Input data:
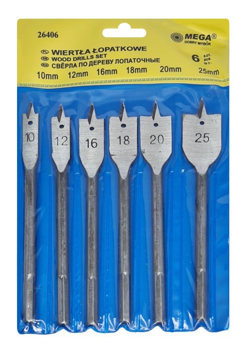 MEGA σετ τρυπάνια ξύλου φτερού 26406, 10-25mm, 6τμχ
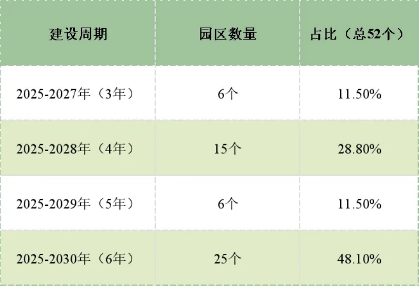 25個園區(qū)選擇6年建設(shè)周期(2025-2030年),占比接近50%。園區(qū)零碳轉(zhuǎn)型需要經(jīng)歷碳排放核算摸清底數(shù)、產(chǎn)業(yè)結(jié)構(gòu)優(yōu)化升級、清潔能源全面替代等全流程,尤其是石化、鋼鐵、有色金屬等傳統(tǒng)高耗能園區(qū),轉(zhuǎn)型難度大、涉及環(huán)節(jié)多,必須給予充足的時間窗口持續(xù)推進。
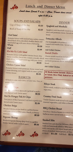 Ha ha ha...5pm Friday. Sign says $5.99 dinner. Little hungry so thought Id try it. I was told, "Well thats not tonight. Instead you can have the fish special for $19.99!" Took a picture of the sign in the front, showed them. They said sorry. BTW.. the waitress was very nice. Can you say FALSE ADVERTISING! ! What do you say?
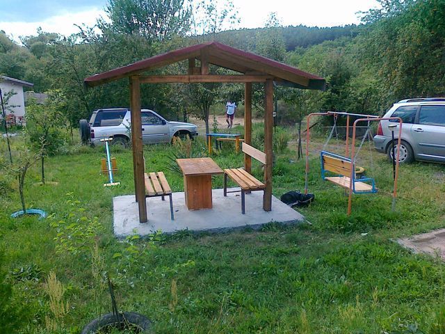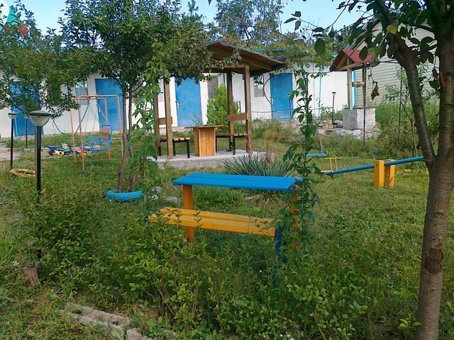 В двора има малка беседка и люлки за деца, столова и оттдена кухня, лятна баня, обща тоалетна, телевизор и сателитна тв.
---
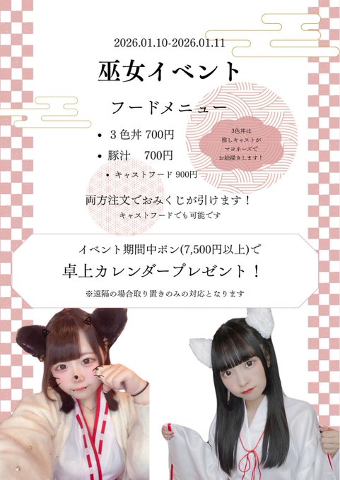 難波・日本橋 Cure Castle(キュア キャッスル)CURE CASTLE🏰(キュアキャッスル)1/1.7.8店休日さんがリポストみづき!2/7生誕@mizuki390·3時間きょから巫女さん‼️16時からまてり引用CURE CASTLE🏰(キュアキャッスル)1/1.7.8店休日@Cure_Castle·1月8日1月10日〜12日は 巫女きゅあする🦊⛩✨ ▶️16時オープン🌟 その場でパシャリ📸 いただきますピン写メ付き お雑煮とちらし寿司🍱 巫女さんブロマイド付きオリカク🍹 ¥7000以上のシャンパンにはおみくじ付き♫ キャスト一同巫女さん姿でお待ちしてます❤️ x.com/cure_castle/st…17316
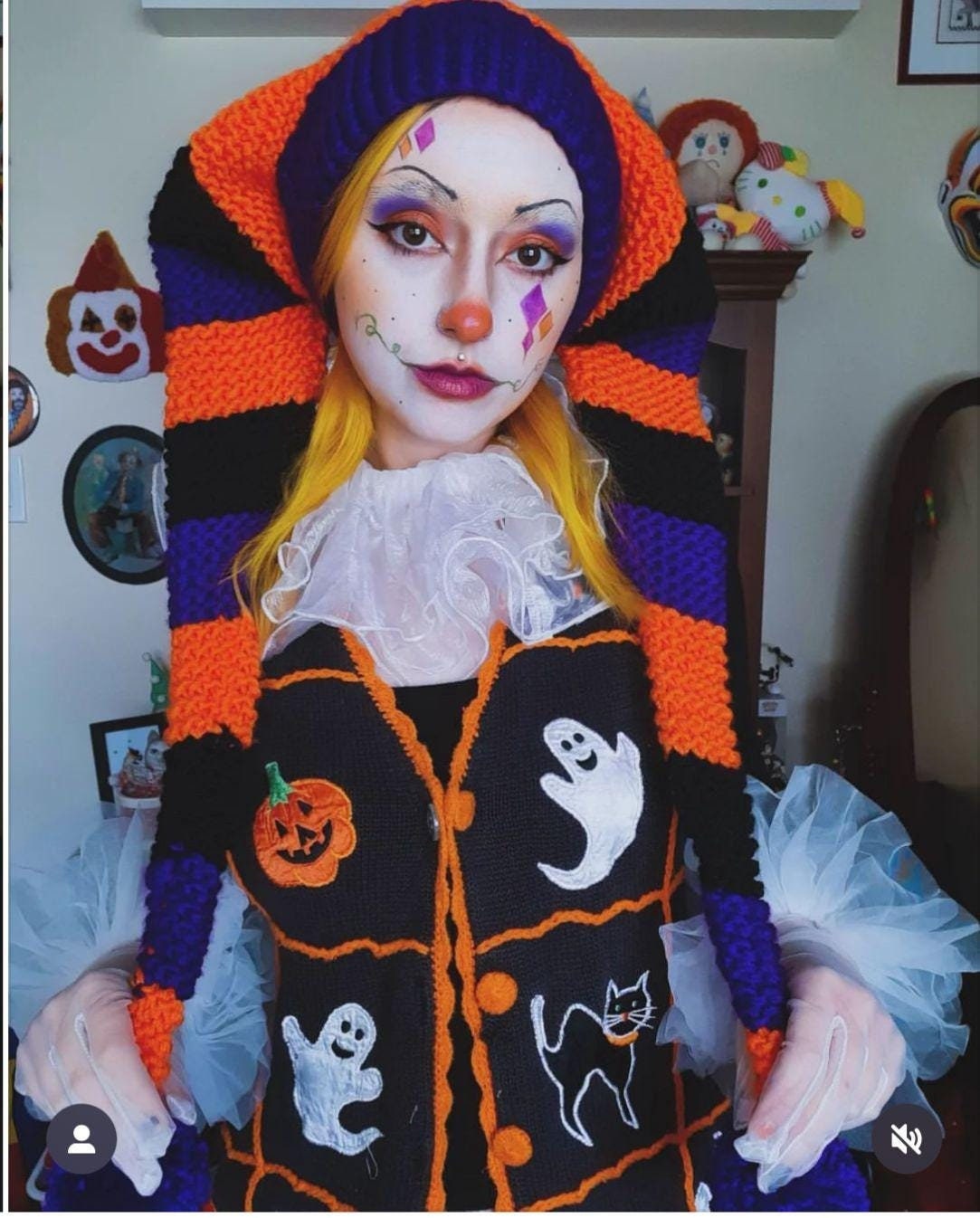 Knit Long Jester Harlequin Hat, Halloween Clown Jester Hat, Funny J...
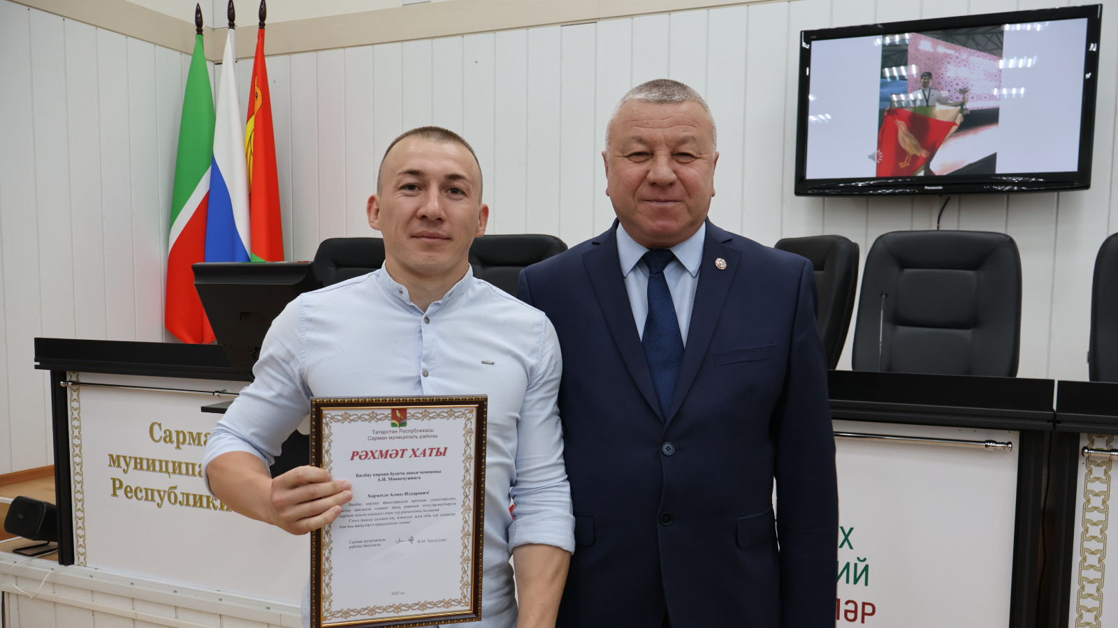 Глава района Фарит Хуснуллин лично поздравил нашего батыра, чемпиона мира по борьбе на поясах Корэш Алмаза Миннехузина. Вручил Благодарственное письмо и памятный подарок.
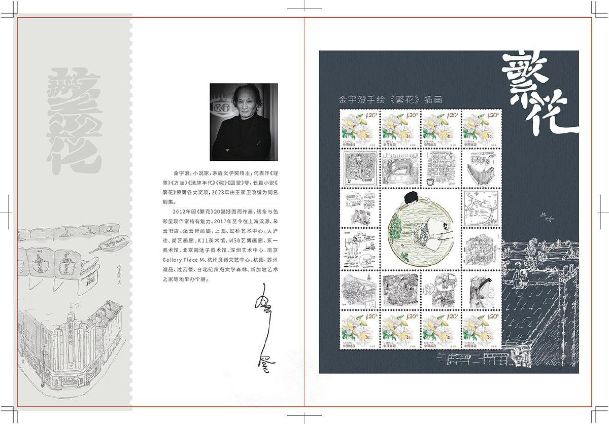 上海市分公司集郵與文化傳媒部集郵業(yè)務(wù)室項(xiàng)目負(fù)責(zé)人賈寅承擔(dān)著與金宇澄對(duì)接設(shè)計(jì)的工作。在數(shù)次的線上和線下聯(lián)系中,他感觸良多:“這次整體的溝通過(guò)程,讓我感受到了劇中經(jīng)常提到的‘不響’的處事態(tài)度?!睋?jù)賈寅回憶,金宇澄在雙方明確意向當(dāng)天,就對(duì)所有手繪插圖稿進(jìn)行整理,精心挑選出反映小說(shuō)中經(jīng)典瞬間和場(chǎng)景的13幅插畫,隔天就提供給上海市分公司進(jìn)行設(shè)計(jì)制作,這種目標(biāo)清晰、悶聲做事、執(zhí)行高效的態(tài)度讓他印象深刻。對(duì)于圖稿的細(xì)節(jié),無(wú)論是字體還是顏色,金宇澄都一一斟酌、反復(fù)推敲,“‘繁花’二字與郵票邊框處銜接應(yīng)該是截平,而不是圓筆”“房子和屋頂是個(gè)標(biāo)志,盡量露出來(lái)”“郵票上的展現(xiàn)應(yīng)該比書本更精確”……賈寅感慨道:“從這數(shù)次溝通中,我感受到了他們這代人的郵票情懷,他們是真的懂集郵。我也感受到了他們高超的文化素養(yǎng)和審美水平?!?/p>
--
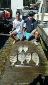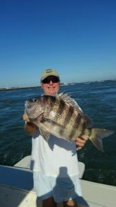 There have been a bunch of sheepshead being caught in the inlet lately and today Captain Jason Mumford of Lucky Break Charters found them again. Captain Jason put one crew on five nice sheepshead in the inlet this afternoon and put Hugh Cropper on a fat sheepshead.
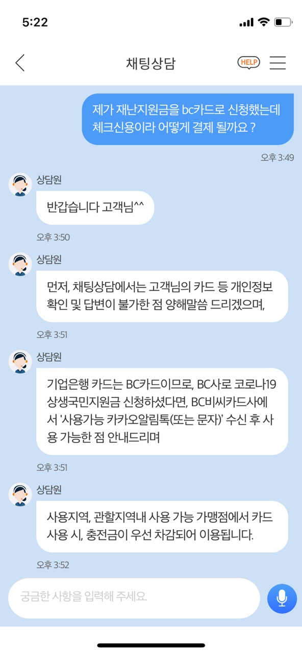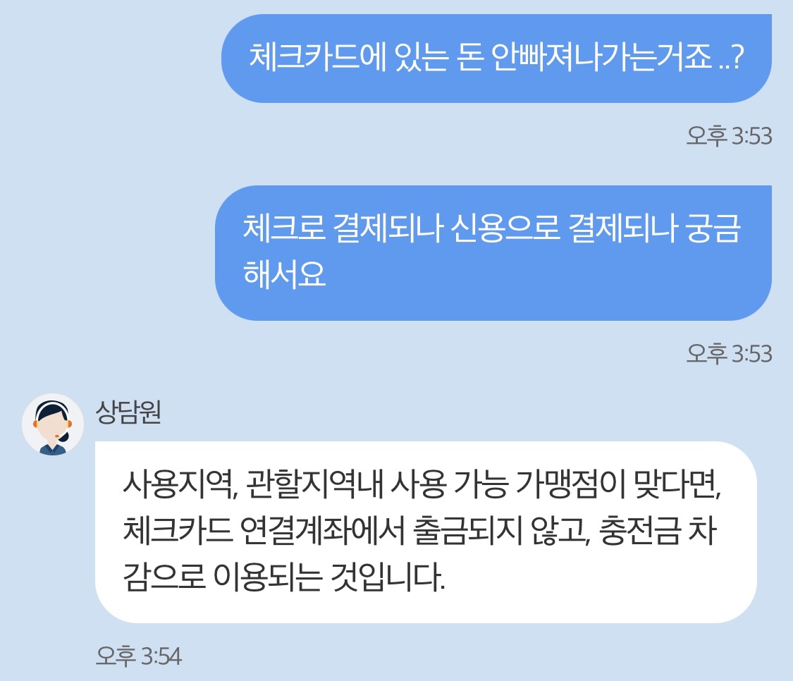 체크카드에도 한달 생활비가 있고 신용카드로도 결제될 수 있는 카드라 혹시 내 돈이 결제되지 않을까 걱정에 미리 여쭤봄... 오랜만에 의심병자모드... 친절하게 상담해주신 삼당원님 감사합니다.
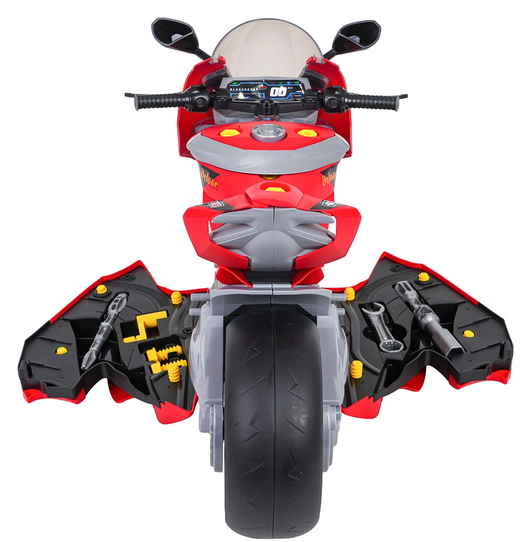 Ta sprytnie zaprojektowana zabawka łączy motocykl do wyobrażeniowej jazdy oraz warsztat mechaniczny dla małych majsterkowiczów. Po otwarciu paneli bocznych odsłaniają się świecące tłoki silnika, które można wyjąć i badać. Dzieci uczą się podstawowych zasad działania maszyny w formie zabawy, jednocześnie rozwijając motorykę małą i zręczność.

Prompt:
Give again, exactly as written above, each line from the one that has "MEGA σετ τρυπάνια" to the one that has "25個園區(qū)選擇6年建", both included; omit the pictures.

Exercise solution:
 MEGA σετ τρυπάνια ξύλου φτερού 26406, 10-25mm, 6τμχ
 25個園區(qū)選擇6年建設(shè)周期(2025-2030年),占比接近50%。園區(qū)零碳轉(zhuǎn)型需要經(jīng)歷碳排放核算摸清底數(shù)、產(chǎn)業(yè)結(jié)構(gòu)優(yōu)化升級、清潔能源全面替代等全流程,尤其是石化、鋼鐵、有色金屬等傳統(tǒng)高耗能園區(qū),轉(zhuǎn)型難度大、涉及環(huán)節(jié)多,必須給予充足的時間窗口持續(xù)推進。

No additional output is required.